Группа выступает потрясающе: гитарист мирового класса, два ударника и великолепный басист задают гениальный и заразительный ритм. Слева от меня пританцовывают двое из трех наших дочерей, Скайлер и Эсме. Сэм в Лос-Анджелесе, а Аквинна работает (рекламный мир не знает выходных). Справа от меня Трейси впитывает музыку всем телом, а потом выдает наружу, крутя бедрами, взмахивая руками и тряся задницей. Эта девушка умеет танцевать.
А я вот нет. Танцы мне никогда не давались, и все удачные движения были исключительно случайными. Трейси танцует на всех концертах, на которые мы ходим, и это определило мое решение пойти сегодня с ними. Мне нелегко посещать публичные мероприятия, и отнюдь не из-за известности и опасений быть узнанным, а из-за простой логистики. Завсегдатай Мэдисон-сквер-гарден на протяжении многих лет, я посетил тут массу боев, игр «Рейнджеров» и «Никсов» и дюжины концертов. Мы ходили на Rolling Stones, U-2, Pearl Jam, Спрингстина, а как-то, вечером пятницы, мои дочери даже затащили меня на Кэти Перри. Я знаю большинство охранников внешне, а многих и по имени, и они сразу меня выдают, стоит мне явиться. Поскольку теперь я не могу безопасно лавировать в толпе зрителей и преодолевать длинные коридоры всемирно известногоконцертного зала на своих двоих, они предоставляют мне инвалидное кресло и провозят по тайным ходам в сопровождении почетного эскорта.
В последнее время я стал относиться к инвалидному креслу спокойно. Я вижу в нем не своего тирана, а просто инструмент. Мне удалось наладить жизнь так, чтобы болезнь не определяла ее, поэтому я больше не испытываю тревоги при виде обычного стула на колесиках. Франклин Делано Рузвельт не позволил бы себя фотографировать в инвалидном кресле. И Кеннеди тоже. Но мне наплевать. Я же не президент. Мне не надо беспокоиться о том, что Гитлер или Кастро узнают о моих недугах. Я просто актер на пенсии, который хочет пойти на концерт с женой и деть-ми. Ну или поехать.

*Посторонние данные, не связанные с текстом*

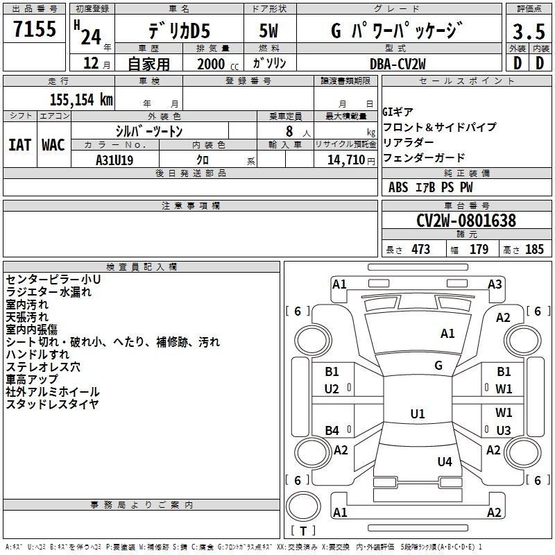 MITSUBISHI DELICA D:5 2012 г., лот № 7155

Охранник, великолепно управляющийся с коляской, поддерживает тот же ритм ходьбы, что и Трейси с девочками, да еще обсуждает с ними последние сплетни про нью-йоркских «Рейнджерс». Он провожает нас к нашей ложе. Я встаю с кресла — и никого это не удивляет. Несколько осторожных шагов по металлическим ступенькам, и я опускаю зад в кресло. Миссия выполнена. Я принимаю тот факт, что мне не обойтись без свиты, в то же время я являюсь ее частью. Я стараюсь вносить свой вклад и быть порядочным гражданином. Мне повезло быть здесь, с людьми, которых я люблю. Усилия окупились на 100 % — музыка, девочки и, конечно же, Трейси.
Между песнями Эсме и Скайлер вскакивают с кресел и вскоре возвращаются с бумажными шляпами Vampire Weekend. Они выглядят смешными и очень красивыми. Трейси показывает им большой палец, не прекращая танцевать. Она на ногах весь вечер, в полном слиянии с музыкой, и больше похожа на мою девушку, с которой мы встречаемся пару недель, а не жену, с которой прожито больше 30 лет.
Молодежь подпевает солисту, вся ложа сотрясается. Я, хоть и не танцую, но стою, порой изо всех сил цепляясь за поручень, и подпеваю тоже. Певец из меня еще хуже, чем танцор, но, к счастью, никто этого не слышит из-за грохота со сцены и рева по всем углам зала. Группа запевает свой последний хит Harmony Hall. Я присоединяюсь к хору голосов, произносящих знаменитый текст: Я не хочу так жить… но не хочу умирать. Боже, мне ли об этом рассказывать!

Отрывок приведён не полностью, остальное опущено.